These two articles report on different results from the same research.

The first is by Matthew Harrison, the second by Emma Rapaport.

 

The Federal Government’s Retirement Income Review Consultation Paper was released recently. It has been welcomed as a positive step towards enhancing Australia's retirement system given the dramatic economic and social shifts over the past 30 years.

Interplay with perceptions of retirement

There is a definite need for an evaluation of the technical issues that are driving the system and the interplay between them. But we also need to look at the intangible elements that play an important role, in particular Australians’ perception of retirement.

The Consultation Paper acknowledges that research shows Australians do not actively engage with their superannuation or long-term retirement planning. A key reason for this is the complexity of the system.

We believe the issue goes beyond this. Franklin Templeton recently released the findings of a major survey of Australians’ attitudes and behaviours around planning for and living in retirement. This global survey was conducted in Australia for the first time with over 2,000 Australians aged 18 or older.

The survey revealed that retirement savings is increasingly becoming a driver of anxiety and distress for Australians, despite our world-class compulsory superannuation system.

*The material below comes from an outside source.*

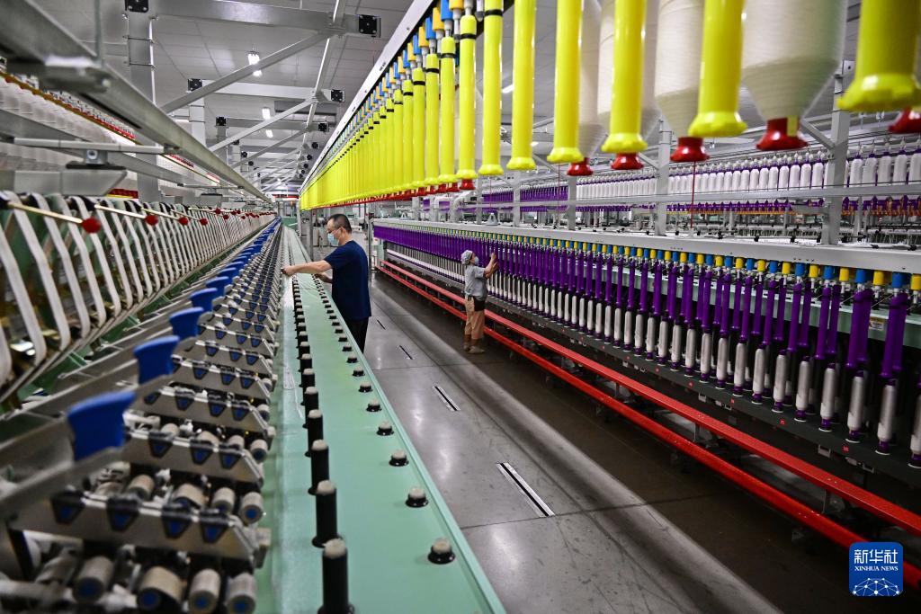 ??即墨區(qū)一家智慧紡紗企業(yè)的職工在全自動粗紗生產(chǎn)線上忙碌(3月25日攝)。
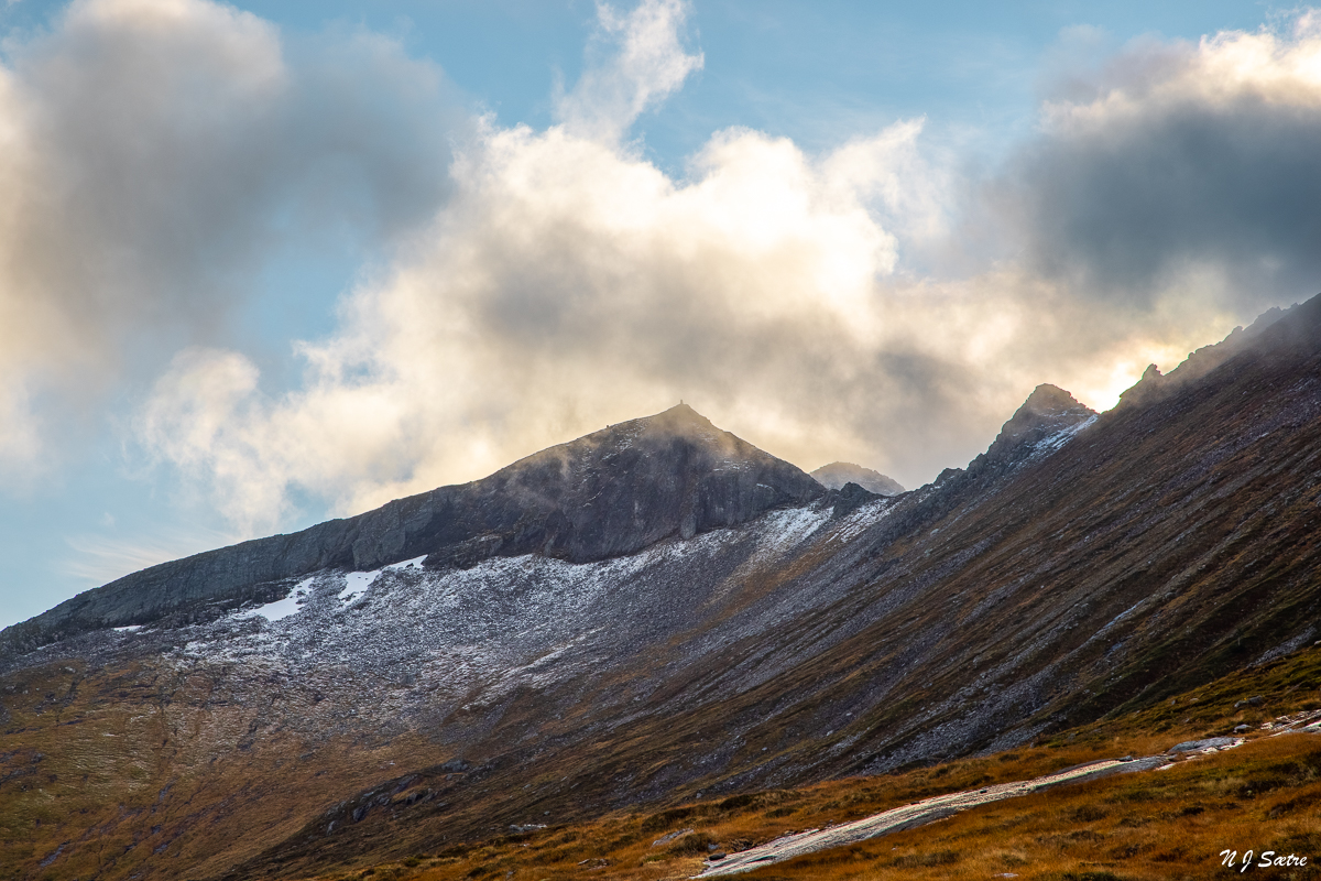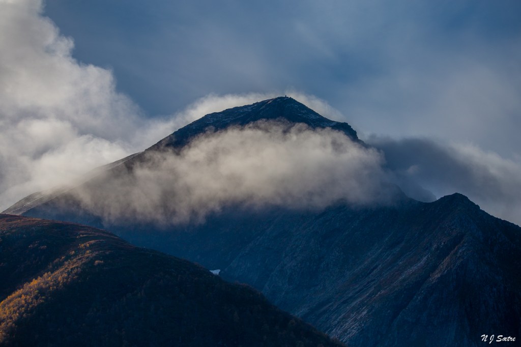 Men nå handlet det om bildet fra toppen. Jeg ble grådig, for tenk om solnedgangen ble magisk med skyer som ble farget rød. Det betydde at skodda måtte bort til jeg ankom toppen. Jeg forsto at jeg gamblet, men i det minste fikk jeg meg en fjelltur. Vel fremme ved kraftstasjonen, der jeg skulle sett fra meg sykkelen, møtte jeg en turgruppe. Og da kom det som jeg ikke ville høre.

Australians are also largely attempting to navigate the complexities of retirement finance themselves rather than seek professional advice.

Overall more Australians reported experiencing stress or anxiety (70%) related to retirement savings than those surveyed in the US (67%), Canada (68%), and China (68%) [although only pre-retirees were surveyed in the 2019 China survey, and retirees were excluded]. Younger Australians (those under 40) are generally anxious about retirement savings even though they have the benefit of time to plan, save and invest accordingly.

Lack of choice to work longer

Potentially driving some of this distress is the fact that at least one third of respondents to the survey across each age group reported having less than $50,000 in total savings for retirement. More people are worried about running out of money in retirement than potential health issues.

Most people plan to work longer. As well as potentially denying themselves the freedom to pursue personal interests, the ability to ‘extend’ a working life to compensate for a lack of retirement savings is far from guaranteed. Indeeed, 31% of retirees said they were forced to retire due to circumstances beyond their control and 47% said this occurred earlier than expected.

Calls to enable older Australians to work longer may unintentionally fuel this idea. It could further undermine the idea of retirement as a stage of life that should be actively planned for. Of those surveyed, 62% do not have a strategy to generate income for retirement that could last 30 years or more. This figure is not in step with longevity predictions or anticipated rises in expenses.

A total of 51% of respondents said they are concerned about outliving their assets, and 53% have no idea how they will pay for medical expenses in retirement.

An inability to perceive retirement goals

People save when they have clear goals – like buying a house or taking an overseas holiday - because they can envisage a positive pay off. This motivates them. Right now, many Australians are not approaching retirement with clear goals and a positive vision, and this means they are either not doing enough to build their retirement finance, or worse, doing nothing at all.  

This problem is also not helped by the vastly different projections about the amount of money a person will need in retirement.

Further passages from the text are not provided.